**** Available data

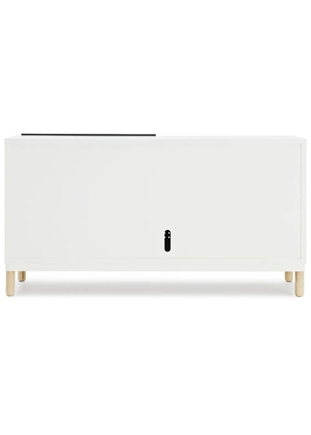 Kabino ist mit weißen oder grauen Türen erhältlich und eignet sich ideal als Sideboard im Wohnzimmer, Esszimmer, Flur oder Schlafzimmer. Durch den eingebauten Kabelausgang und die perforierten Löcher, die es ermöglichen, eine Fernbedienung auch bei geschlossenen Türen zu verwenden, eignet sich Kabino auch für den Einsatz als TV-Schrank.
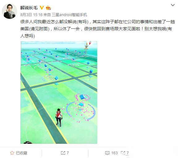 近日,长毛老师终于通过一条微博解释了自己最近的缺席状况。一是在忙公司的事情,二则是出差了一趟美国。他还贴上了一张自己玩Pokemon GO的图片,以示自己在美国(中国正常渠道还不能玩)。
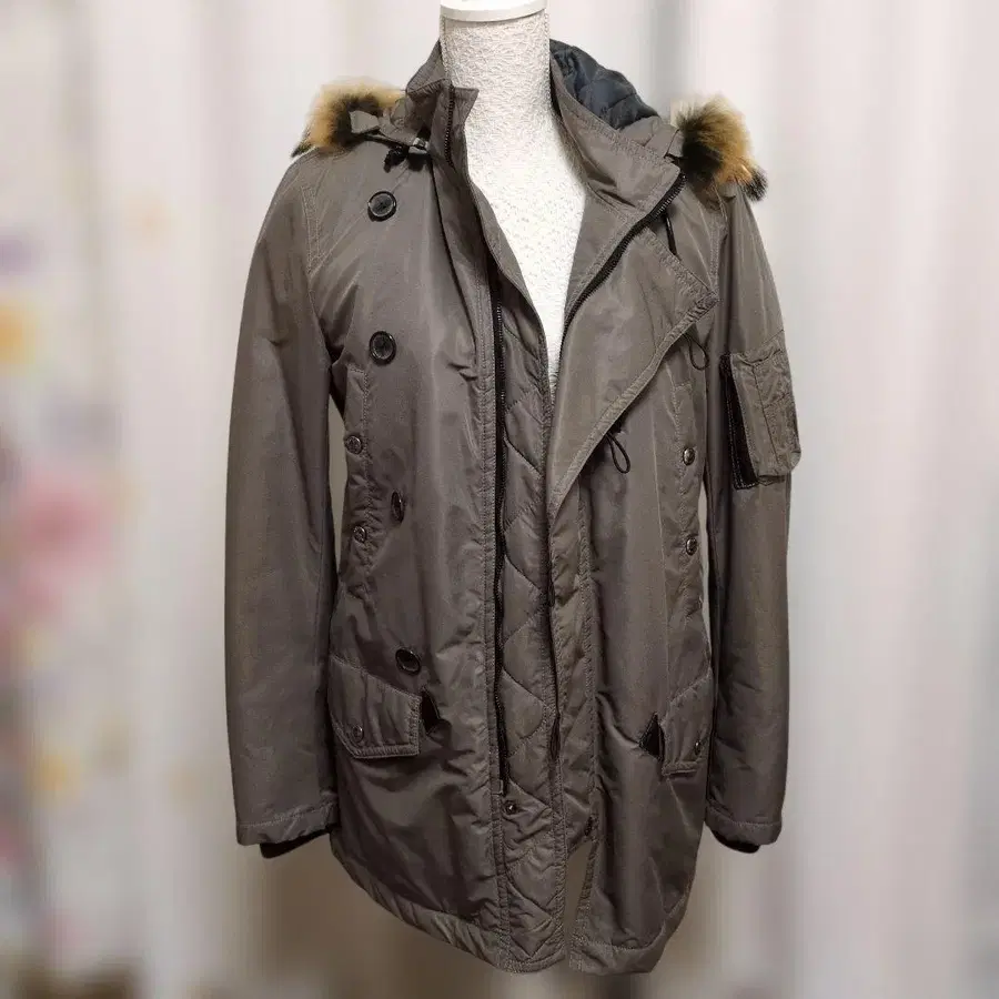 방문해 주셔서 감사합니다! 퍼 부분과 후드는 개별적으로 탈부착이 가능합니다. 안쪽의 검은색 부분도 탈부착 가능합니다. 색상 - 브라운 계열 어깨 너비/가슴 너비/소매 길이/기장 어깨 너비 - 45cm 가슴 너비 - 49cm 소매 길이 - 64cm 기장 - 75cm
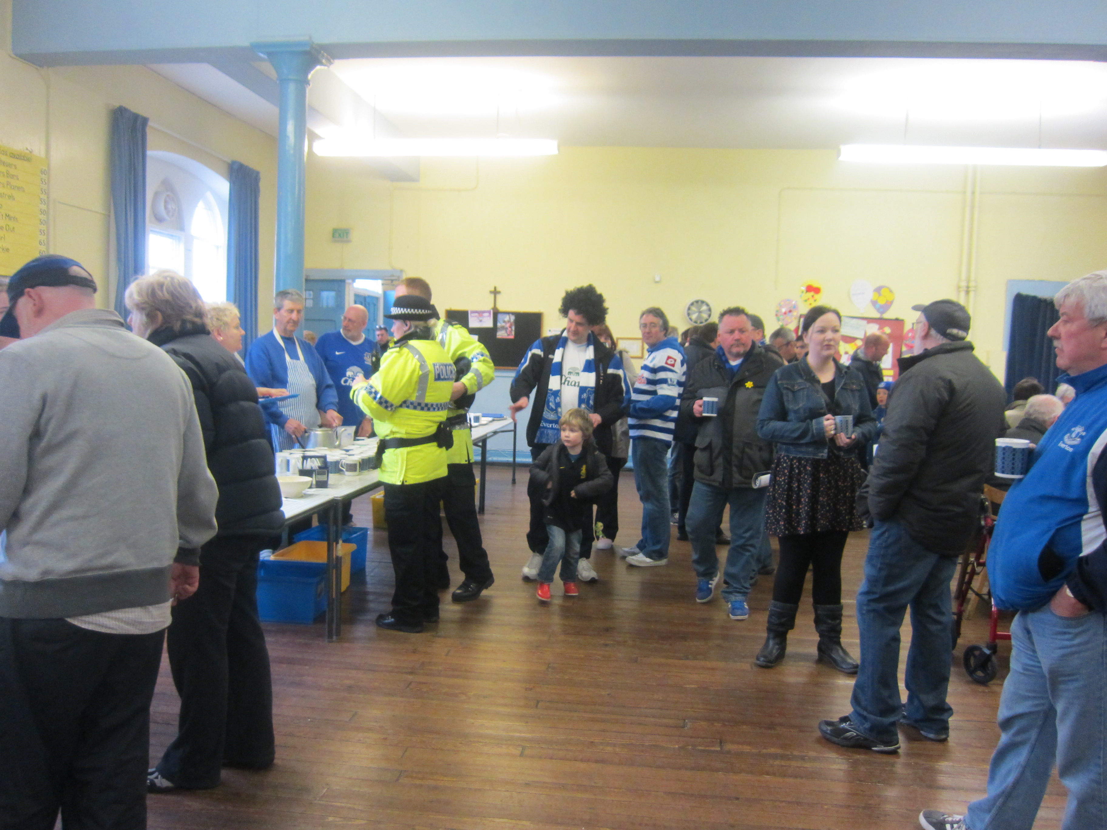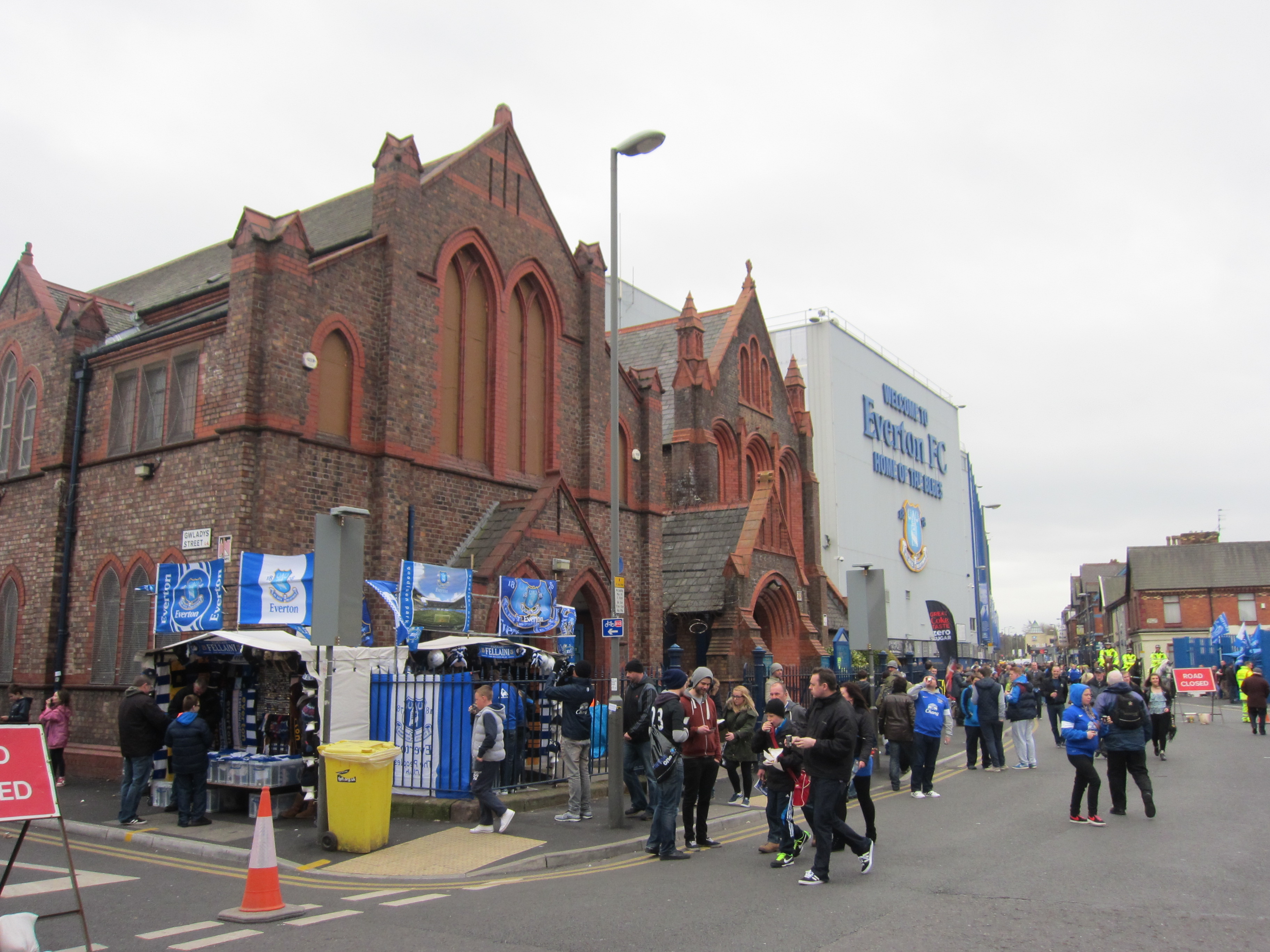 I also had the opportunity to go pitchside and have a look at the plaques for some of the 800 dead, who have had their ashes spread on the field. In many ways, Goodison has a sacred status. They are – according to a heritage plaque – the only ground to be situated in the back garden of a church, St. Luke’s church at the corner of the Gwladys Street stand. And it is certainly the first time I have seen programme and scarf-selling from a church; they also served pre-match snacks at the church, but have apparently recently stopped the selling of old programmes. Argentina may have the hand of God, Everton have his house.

********
**** Available data

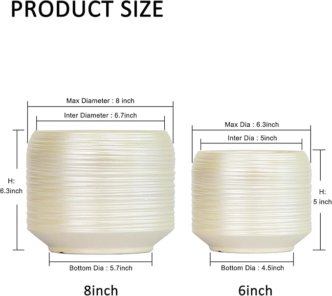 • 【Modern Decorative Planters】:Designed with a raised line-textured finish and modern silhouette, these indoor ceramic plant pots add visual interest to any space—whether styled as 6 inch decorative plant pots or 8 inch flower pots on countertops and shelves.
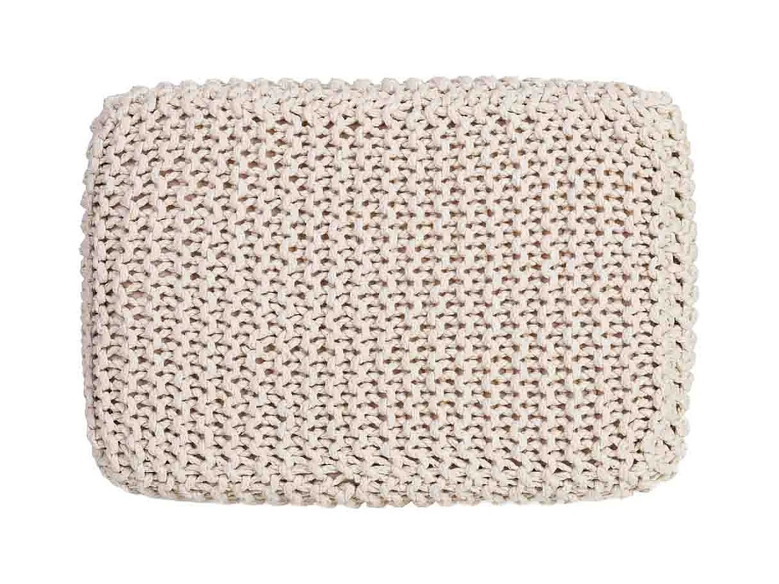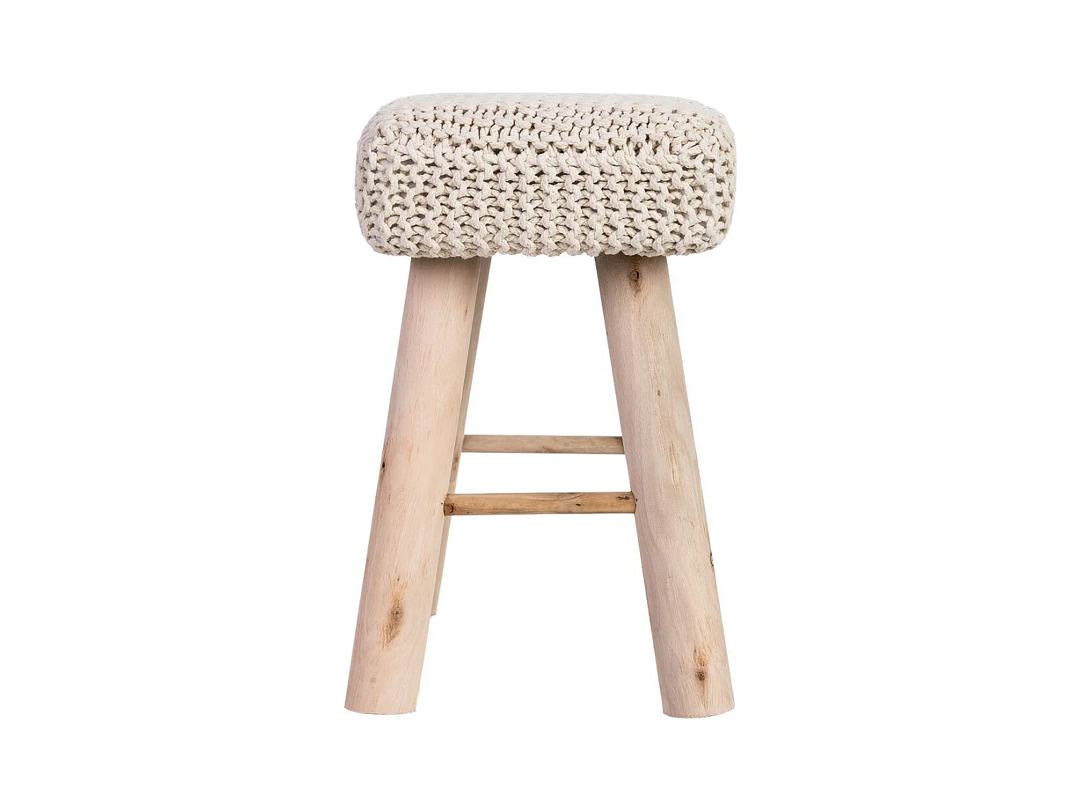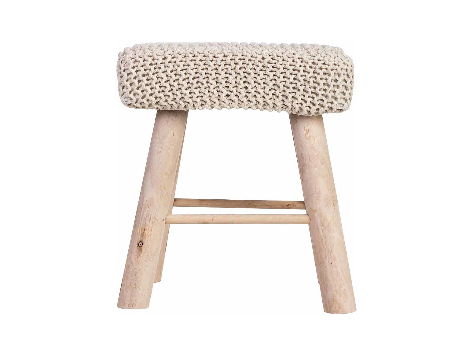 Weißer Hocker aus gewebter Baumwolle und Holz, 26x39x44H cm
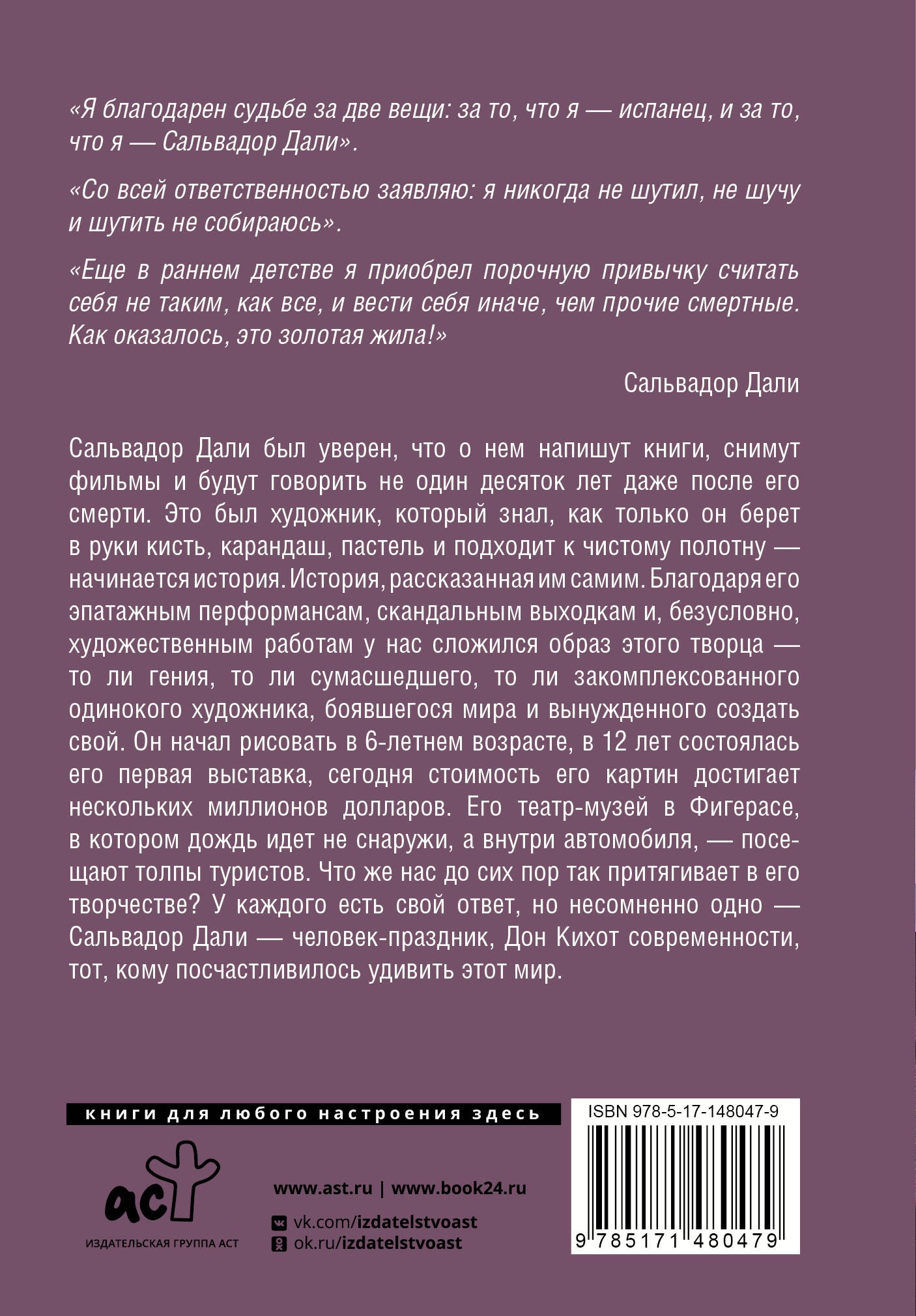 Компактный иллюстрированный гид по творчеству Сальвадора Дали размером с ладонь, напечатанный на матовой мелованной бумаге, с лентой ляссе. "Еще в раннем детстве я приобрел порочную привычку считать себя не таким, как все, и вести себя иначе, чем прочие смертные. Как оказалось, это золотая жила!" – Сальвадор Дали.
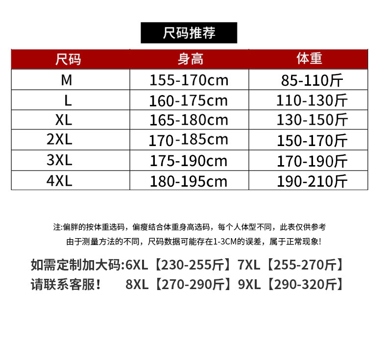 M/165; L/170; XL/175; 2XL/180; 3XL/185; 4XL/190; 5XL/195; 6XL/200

********

* [Task] Print nothing except the lines above from the one containing "Kabino ist mit" down to the one containing "近日,长毛老师终于通过一条微", both included, exactly as written and free of pictures.

* [Response for this exercise]
 Kabino ist mit weißen oder grauen Türen erhältlich und eignet sich ideal als Sideboard im Wohnzimmer, Esszimmer, Flur oder Schlafzimmer. Durch den eingebauten Kabelausgang und die perforierten Löcher, die es ermöglichen, eine Fernbedienung auch bei geschlossenen Türen zu verwenden, eignet sich Kabino auch für den Einsatz als TV-Schrank.
 近日,长毛老师终于通过一条微博解释了自己最近的缺席状况。一是在忙公司的事情,二则是出差了一趟美国。他还贴上了一张自己玩Pokemon GO的图片,以示自己在美国(中国正常渠道还不能玩)。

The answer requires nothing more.